#### [SOURCE MATERIAL]
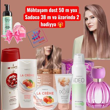 • Geniş qarışıq gözəllik paketi: ISeul köpük təmizləyici, I Love Winter 2‑si‑1‑də şampun‑balzam, La Crème şaftalı seriyası (duş geli və bədən kremi), Expert Biotin saç boyası, Dose of Nature əl kremi, iDEO dezodorant (delicate green), bənövşəyi flakonlu qadın ətiri. Banner: “Möhtəşəm dəst 50 m yox, sadəcə 38 m və üzərində 2 hədiyyə”.
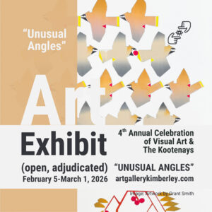 Open to artists from the Kootenays and beyond, “Unusual Angles” encourages creative exploration and originality across all visual art disciplines. The exhibit offers artists the opportunity to show their artworks in a professional gallery setting, connect with new audiences, and participate in an adjudicated exhibit with awards and public engagement.
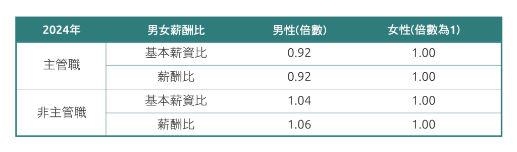 在性別與薪資關係上,2024年度統計男性基本薪資比,以女性為基準,男性主管職約0.92倍,男性非主管職約1.04倍;薪資比分別為0.92倍及1.06倍。在主管職或非主管職之女男薪酬近乎相當。公司之薪酬政策會持續朝向性別薪資無差異化方向推行。
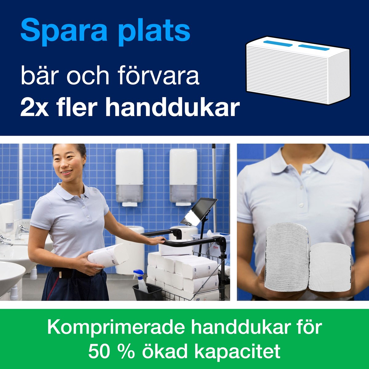 Handdukarna är komprimerade för en ökad kapacitet på 250%
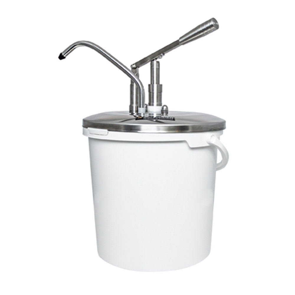 Hochwertige Spender mit kräfteschonender Hebel- Bedienung. Für exaktes, problemloses Dosieren von Ketchup, Senf, Mayonnaise, Dressings, Marmeladen und Saucen. Mit einstellbarer Hubmenge (max. 40 ml) und schwenkbarem Auslauf. Pumpsystem komplett zerlegbar und leicht zu reinigen. Lieferung mit nahtlos tiefgezogenem Behälter aus rostfreiem Chromnickelstahl 18/10 oder PP-Kunststoff-Eimer.
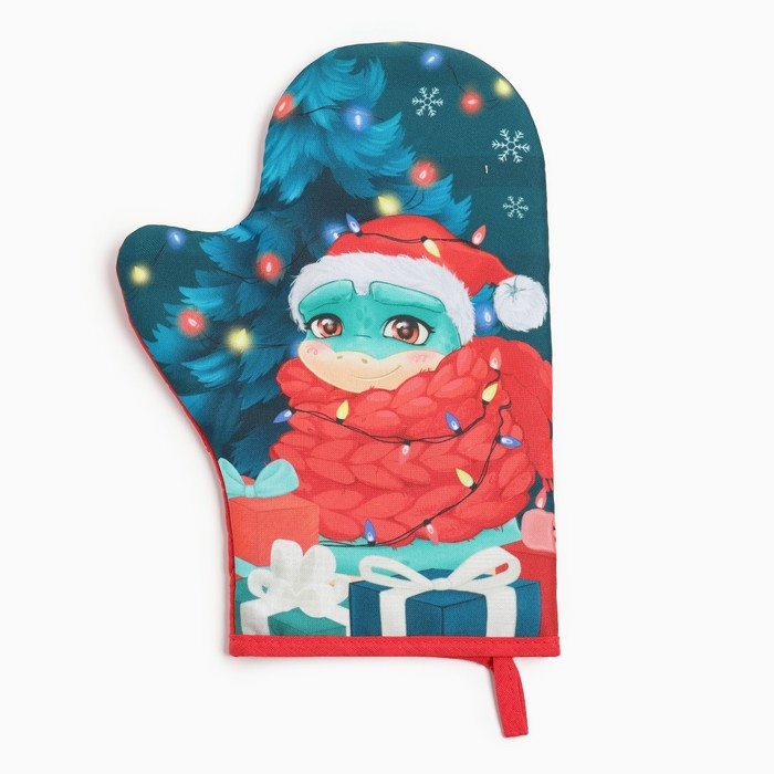 Новый год. Символ года 2025. Змея. Варежка-прихватка Доляна "Мечта исполнится" 20х28 см, 35% хл, 65% пэ, ватин 250 г/м2
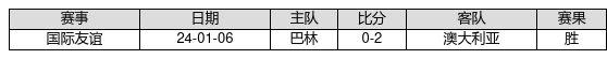 澳大利亚 VS 巴林两队近10年的交战次数为1场,澳大利亚1胜0平0负,赢球概率为100.0%,平局概率为0.0%,输球概率为0.0%。
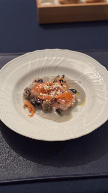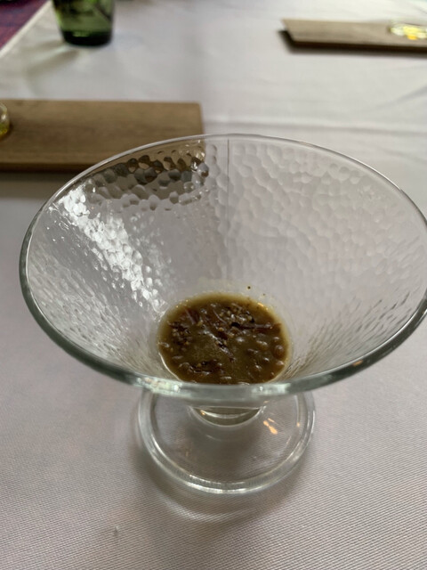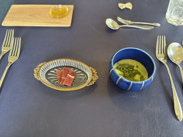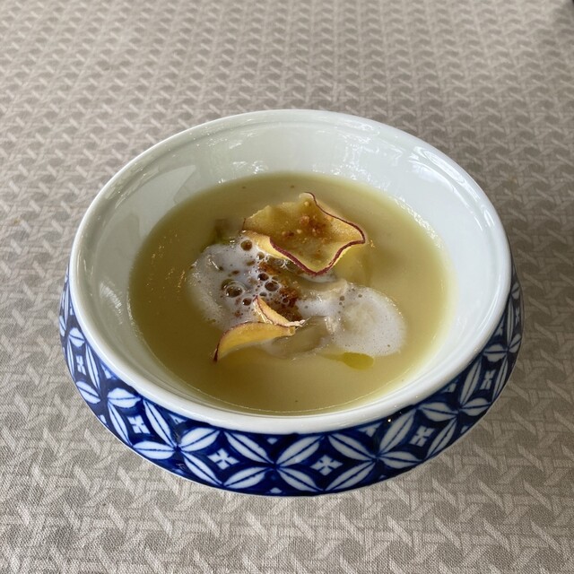 오늘부터 가루이자와에서 2박입니다. 첫날 저녁은 올해 두 번째로 L'ombra입니다. 오늘은 이탈리안 위크라는 것으로 발효 이탈리안 요리입니다. 고구마와 밤 수프는 된장을 숨은 맛...

#### [TASK INSTRUCTIONS]
Repeat the lines exactly, starting with the line that contains "Handdukarna är komprimerade" and ending with the last line of the entries. Keep both of those lines but no pictures.

#### [RESPONSE TO THE TASK]
 Handdukarna är komprimerade för en ökad kapacitet på 250%
 Hochwertige Spender mit kräfteschonender Hebel- Bedienung. Für exaktes, problemloses Dosieren von Ketchup, Senf, Mayonnaise, Dressings, Marmeladen und Saucen. Mit einstellbarer Hubmenge (max. 40 ml) und schwenkbarem Auslauf. Pumpsystem komplett zerlegbar und leicht zu reinigen. Lieferung mit nahtlos tiefgezogenem Behälter aus rostfreiem Chromnickelstahl 18/10 oder PP-Kunststoff-Eimer.
 Новый год. Символ года 2025. Змея. Варежка-прихватка Доляна "Мечта исполнится" 20х28 см, 35% хл, 65% пэ, ватин 250 г/м2
 澳大利亚 VS 巴林两队近10年的交战次数为1场,澳大利亚1胜0平0负,赢球概率为100.0%,平局概率为0.0%,输球概率为0.0%。
 오늘부터 가루이자와에서 2박입니다. 첫날 저녁은 올해 두 번째로 L'ombra입니다. 오늘은 이탈리안 위크라는 것으로 발효 이탈리안 요리입니다. 고구마와 밤 수프는 된장을 숨은 맛...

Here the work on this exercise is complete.